If you don't acknowlege a paper loss it doesn't exist. This possibility is only available to corporations. Already granted huge tax advantages over individuals and of course broad exemption for liability say hello to the new soverign. Will they be any better than government? Well they don't care who you screw and have little use for war which is a plus for liberals but a bitch for conservatives. They aren't going to be giving away money from you, who may deserve it, but none of those unworthy ones as well. On the other hand they will be taking from you rents and interest far higher than any taxes you can think of but at least it's private, right?
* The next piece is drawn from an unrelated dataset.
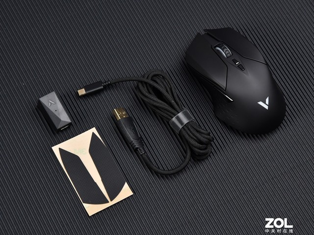 我们可以在盒中找到180cm伞绳线材与接收器转换器,线材有着超级柔软的特性,而桌面接收器也可以提升鼠标无线连接的稳定度,不论是有线还是无线连接的操作感均可得到保证。

Still, say hello to the new boss. And tell your children that success comes only to the company man.
Perhaps for hiding the truth from investors.
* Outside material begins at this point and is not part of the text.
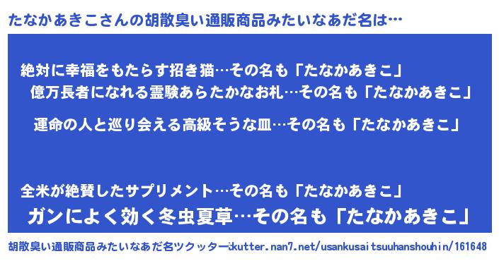| ファンタジー風あだ名 | 『エターナルタナカアキコー』 |

However, the loss will at some point have to be addressed, especially for loans. An off balance sheet approach will work to hide, or introduce some interesting foot notes in the financials, but while the loss is not acknowledged, it still has real costs. Most of these will effect cash flow at some point. The banks were able to have the FED and Treasury buy junk (bad debt) on so many levels that cash flow was not interrupted for day-to-day operations, and a lot of the reserves were parked at the FED.
The to-big-to-fail have been given the time and money to shore up their balance sheet, de-leverage debt, and move away from over leveraged positions and interlocking swaps using derivatives. Also they have been forgiven on capital requirements reporting. I think the situation has improved, but not to the point where they can remain solvent if defaults remain high. I also think that many of the banks are unable to really price in, accomodate effectively, interlocking systemic leverage and fellow banks true financial position. Unfortunately, with the magnitude of leverage used, a miscalculation of 1% or 2% could put a firm in jeopardy.
How are they doing financially? Well without the ability to get the true financial position through quarterly reports, it is really hard to know. But, I am expecting some problems in Q2 from the following:
Citi
BAC
JPM
Wells
Each one has different unique sets of problems. Even after all of the gyrations I still think Citi is #1 in trouble.
Mark Beck
Here is a datapoint form the NYTs
I'd say a 35% month over month increase is news considering Jan and Feb are slow months and they were up 18% over last year. It's not out of the realm of possibility that we take out the high of 2 Million set in 2005 which all came before Oct when the new laws went into effect if we have a bad second half and the unemployment rate stays elevated at whichever level you monitor it at. A lot of assets are getting vaporized, not declining in value, just going poof. That's a number worth keeping an eye on.
"And I would've gotten away with it too, if it weren't for you meddling kids!"
regarding jpm vs. everyone: isn't the outstripping by 21 trillion (not billion)?
Reggie,
Do you think there will be any repercussions to the large banks as a result of the Fed's valuation estimates for the Bear Stearns/AIG toxic assets? It seems to me that the big banks just lost their defense for keeping toxic assets in off-balance-sheet SIVs. If the Fed can determine a market value for toxic assets then the big banks must be able to value their toxic assets as well, right?
The Fed's release of this information yesterday afternoon was odd to say the least. I sense that there will indeed be some nasty surprises in the Q1 earnings reports from the large banks. I would like to see if the implied volatility numbers spike when the markets open on Monday.
Buy adult diapers
Prices = confidence
It is clear that prices contain more "confidence" than they did just a few months ago. The real question is;" Has anything changed in terms of structural fundamentals about economic structures such as taxation and legal largesse?" The answer is yes, and for the worse in terms of further efficiencies and competitiveness.
However, are stock prices not mostly about confidence anyway ?
Indeed , confidence has a price.
And like "self satisfaction" has a non-numerical value as well.
It is all a matter of "Which story do YOU have CONFIDENCE in ?"
Yes, you get to vote....with YOUR money.